That's funny... that's how I drink my flavored coffee... strong, black and hot... no cream... and no sugar. Also, the package says that it's coffee??? Are they pulling a fast one on me???


----------



## Don (Apr 29, 2009)

Starbucks always tastes burnt to me.  We like Kona but its expensive.  Cafe Du Monde is good, even if it does have chickory in it. Lately I've been buying Maxwell House South Pacific Blend.


----------



## ricoba (Apr 29, 2009)

philemer said:


> Rick,
> Do you buy the Medium, Med. Dark or Dark roast?




Oops....I should have said I buy un-roasted Green Beans and roast them myself in the backyard.  

But when I do buy coffee from Kona King, I buy dark roast.  My parents were with us last year and they bought Medium, which they prefer.

Randy the owner of Kona King sets up a booth each Saturday at the Keauhou Farmers Market at the Keauhou shopping center near the Sheraton.


----------



## CMF (Apr 29, 2009)

Folger's French Roast - when it's on sale, and we have a coupon  

Charles


----------



## tlwmkw (Apr 29, 2009)

We use a cold brewing system and it makes the coffee taste so smooth.  You don't get all the acids that you get with the hot brewing and so the variability of different coffee brands becomes less important.  It's very easy to do- you brew a batch in a carafe and then just use a shot every time you make coffee.  The one we use is Toddy brand.


----------



## Luanne (Apr 29, 2009)

tlwmkw said:


> We use a cold brewing system and it makes the coffee taste so smooth.  You don't get all the acids that you get with the hot brewing and so the variability of different coffee brands becomes less important.  It's very easy to do- you brew a batch in a carafe and then just use a shot every time you make coffee.  The one we use is Toddy brand.

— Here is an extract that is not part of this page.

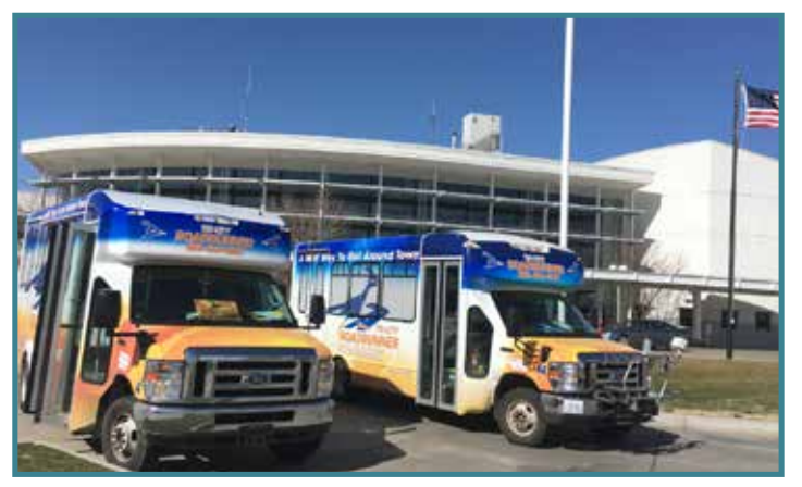
Tri-City Roadrunner serving West Medical Center

The Elected Official Award was for the outstanding support and commitment to planning and collaboration in the development of the Tri-City Roadrunner, the new flexible route transit service, which began operation on January 10, 2018. The transit service operates in the cities of Scottsbluff, Gering, and Terrytown. Over two years of planning and

A friend who lives in Kona uses this method.  The coffee was wonderful!  She uses some inexpensive brand of coffee she buys at Costco.


----------



## pgnewarkboy (Apr 29, 2009)

Bwolf said:


> I think Pamela Anderson uses a K cup.
> 
> 
> 
> ...




Funny.  Very funny.


----------



## ace2000 (Apr 29, 2009)

pgnewarkboy said:


> Some of you folks are real coffee afficianados. I bow to your superior tastebuds. I have a Keurig one cup brewer and enjoy it very much. There are a multitude of K-cups available. I won't tell you what I now use because if any of you experts are familiar at all with the products, I am asking what you would recommend in a K-cup (if anything).


 
Thanks for sharing the info on the one-cup Keunig brewer.  I looked into it and decided to purchase one!    

Anyone use or have recomendations on the K-cups???


----------



## stmartinfan (Apr 30, 2009)

My husband has one in his office that several people share use of.  His favorite amoung the different choices is the Caribou brand one, which is a medium roast, I think.


----------



## dougef (Apr 30, 2009)

ace2000 said:


> Thanks for sharing the info on the one-cup Keunig brewer.  I looked into it and decided to purchase one!
> 
> Anyone use or have recomendations on the K-cups???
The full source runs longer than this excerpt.